# Keine Werte zum Zeichnen werden Übergeben



## evo (17. Mai 2010)

Tag, hab vor einiger Zeit schonmal Hilfe benötigt und jetzt weiß ich schon wieder nicht weiter. Entweder überseh ich den Fehler oder der Aufbau passt nicht. Wie gesagt ich weiß es nicht und brauche dazu bitte eure Hilfe :bae:

Am Besten wirds wohl sein wenn ich das Projekt uploade.

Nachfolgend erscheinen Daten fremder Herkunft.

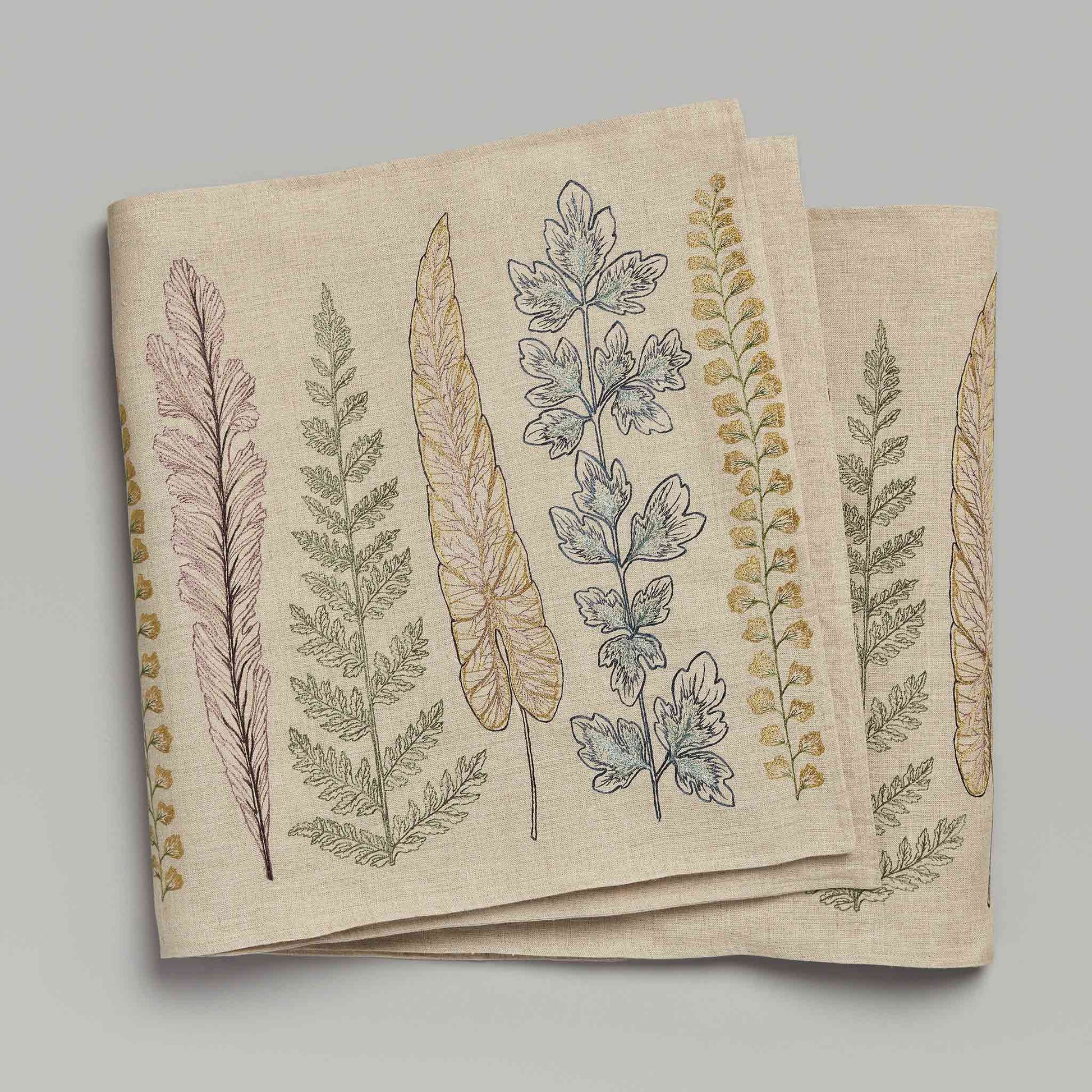 Drawn from nature, our fantastic fronds and large leaves bring botanical abundance to any table. We were inspired by Josef Frank’s exquisite botanical patterns for our own Plants design. Raw greens grace our runner, celebrating unsung garden heroes including ferns, herbs, and ivy. Create a verdant table setting with our Thistle and Poppy dinner napkins.

Netload Serious Filehosting - Netload

PW: java


----------



## Noctarius (17. Mai 2010)

Also ohne entsprechende Beschreibung des Fehlers, der Erwartung, ... wird dir sicher keiner helfen. Auch nicht mit vollem Sourcecode Upload.


----------



## SlaterB (17. Mai 2010)

falls der vorherige Thread hilft:
http://www.java-forum.org/java-basics-anfaenger-themen/99059-probleme-images-verschieben.html


----------



## evo (17. Mai 2010)

Noctarius hat gesagt.:


> Also ohne entsprechende Beschreibung des Fehlers, der Erwartung, ... wird dir sicher keiner helfen. Auch nicht mit vollem Sourcecode Upload.

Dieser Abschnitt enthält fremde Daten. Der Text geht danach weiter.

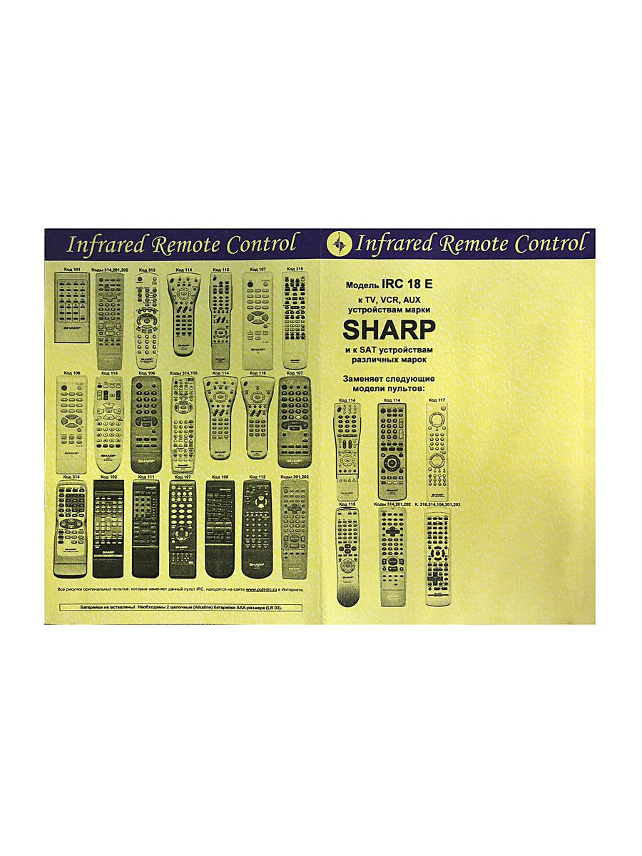 Данный программируемый пульт заменяет следующие оригинальные пульты к TV устройствам SHARP:

Also Fehler gibts eigentlich konkret keinen (sprich Exceptions). Das Problem besteht darin, dass ich von den Klassen bzw Getter Methoden keine Werte bekomme.
Das Problem im vorherigen Thread hab ich eigentlich schon gelöst, hier gehts wie gesagt nur um Werte, die ich nicht bekomme (aber sollte).
Erwartung: ich will ja nicht dass mir hier jemand mein Programm ausprogrammiert, ich will lediglich wissen, woran es liegt, dass ich keine Werte bekomme.


----------